Uploading HTML via REST api through python script gives 400 error for some HTML documents

absciexbuild June 8, 2017

Hi,

I have a python script that uses the confluence REST API to download a page, make changes to the HTML and re-upload the page.

My current script works fine if I replace the html with html that I create (that is valid HTML). The code programmatically updates the version and put's it to the server.

But now I want to edit the page programmatically. I download the html, patch a new row into an HTML table and want to re-upload -- this fails with a 400 error. I also tried just round-tripping -- downloading the page html, uploading it -- this fails as well. Downloading and uploading just a <p>Hello World</p> works great -- it replaces the page content as expected.

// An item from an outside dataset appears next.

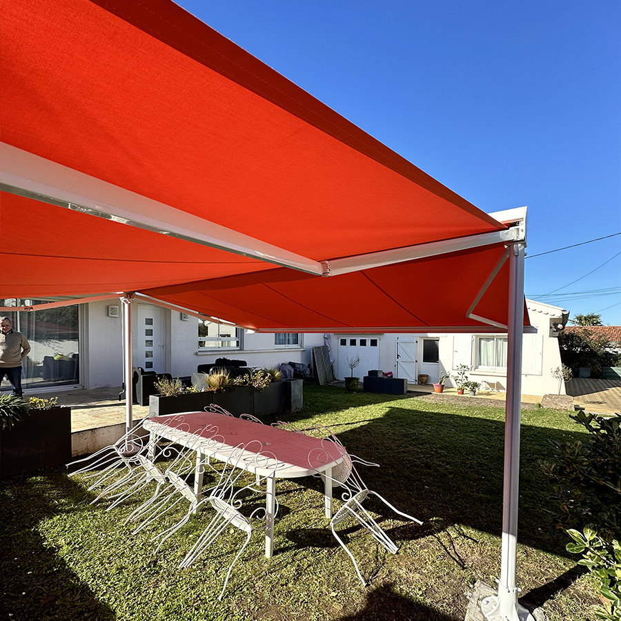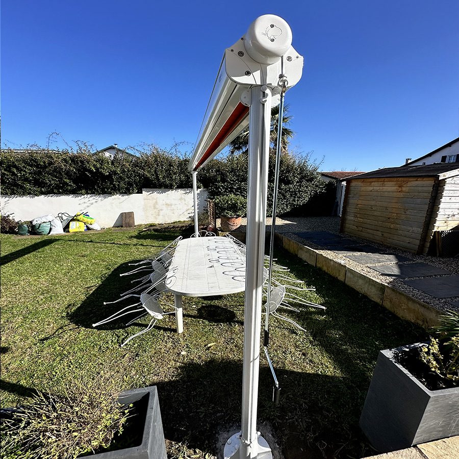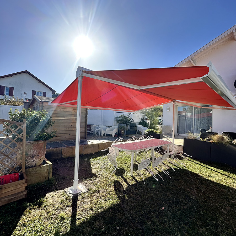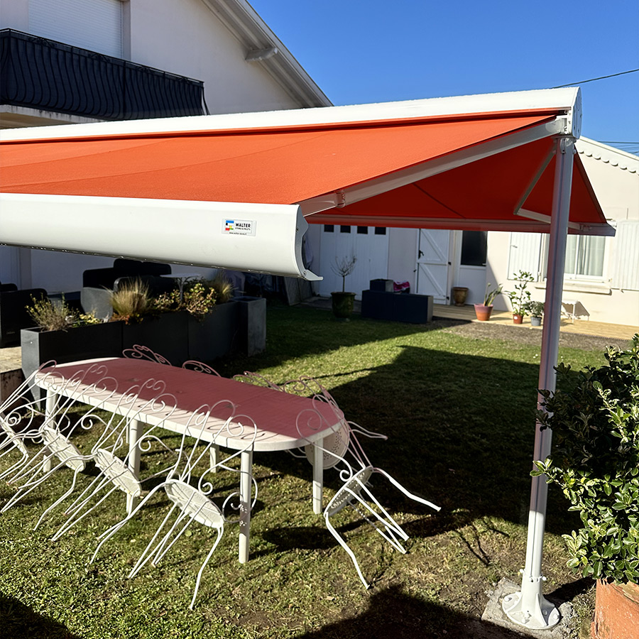 Store élégant et contemporain posé par l’agence Walter Stores Bayonne, ce modèle associe une structure blanc RAL 9016 à une toile Dickson ORC U767 Tangerine. Son coloris lumineux apporte une touche chaleureuse et moderne tout en offrant une protection solaire performante. Un choix esthétique et durable qui valorise la façade et améliore le confort au quotidien.

I am looking for guidance on how to make this work. I notice a lot of <link> tags (where an @user reference is) - and tried removing those before re-upload but that did not work either.

Best,

Friedrich Brunzema

3 answers

1 accepted

3 votes
Answer accepted
absciexbuild June 9, 2017
# coding: utf-8
import argparse
import getpass
import datetime
import json
import keyring
import requests
import lxml.html

# -----------------------------------------------------------------------------
# Globals

BASE_URL = "http://your-server/rest/api/content"
VIEW_URL = "http://your-server/pages/viewpage.action?pageId="
USER_AGENT = "Mozilla/5.0 (X11; Linux x86_64) AppleWebKit/537.36 (KHTML, like Gecko) Chrome/48.0.2564.82 Safari/537.36"


def pprint(data):
    print json.dumps(
        data,
        sort_keys=True,
        indent=4,
        separators=(', ', ' : '))


def get_page_ancestors(auth, pageid):
    # Get basic page information plus the ancestors property

    url = '{base}/{pageid}?expand=ancestors'.format(
        base=BASE_URL,
        pageid=pageid)

    r = requests.get(url, auth=auth, headers={'Content-Type': 'application/json', 'USER-AGENT': USER_AGENT})

    r.raise_for_status()

    return r.json()['ancestors']


def get_page_info(auth, page_id):
    url = '{base}/{page_id}'.format(
        base=BASE_URL,
        page_id=page_id)

    r = requests.get(url, auth=auth, headers={'Content-Type': 'application/json', 'USER-AGENT': USER_AGENT})

    r.raise_for_status()

    return r.json()


def convert_db_to_view(auth2, html):
    url = 'http://your-server/rest/api/contentbody/convert/view'

    data2 = {
        'value': html,
        'representation': 'storage'
    }

    r = requests.post(url,
                      data=json.dumps(data2),
                      auth=auth2,
                      headers={'Content-Type': 'application/json'}
                      )
    r.raise_for_status()
    return r.json()


def convert_view_to_db(auth2, html):
    url = 'http://your-server/rest/api/contentbody/convert/storage'

    data2 = {
        'value': html,
        'representation': 'editor'
    }

    r = requests.post(url,
                      data=json.dumps(data2),
                      auth=auth2,
                      headers={'Content-Type': 'application/json'}
                      )
    r.raise_for_status()
    return r.json()


def write_data(auth, html, page_id):
    info = get_page_info(auth, page_id)

    ver = int(info['version']['number']) + 1

    ancestors = get_page_ancestors(auth, page_id)

    anc = ancestors[-1]
    del anc['_links']
    del anc['_expandable']
    del anc['extensions']

    info['title'] = "Team City Change Log"

    data = {
        'id': str(page_id),
        'type': 'page',
        'title': info['title'],
        'version': {'number': ver},
        'ancestors': [anc],
        'body': {
            'storage':
                {
                    'representation': 'storage',
                    'value': str(html),
                }
        }
    }

    data = json.dumps(data)

    url = '{base}/{page_id}'.format(base=BASE_URL, page_id=page_id)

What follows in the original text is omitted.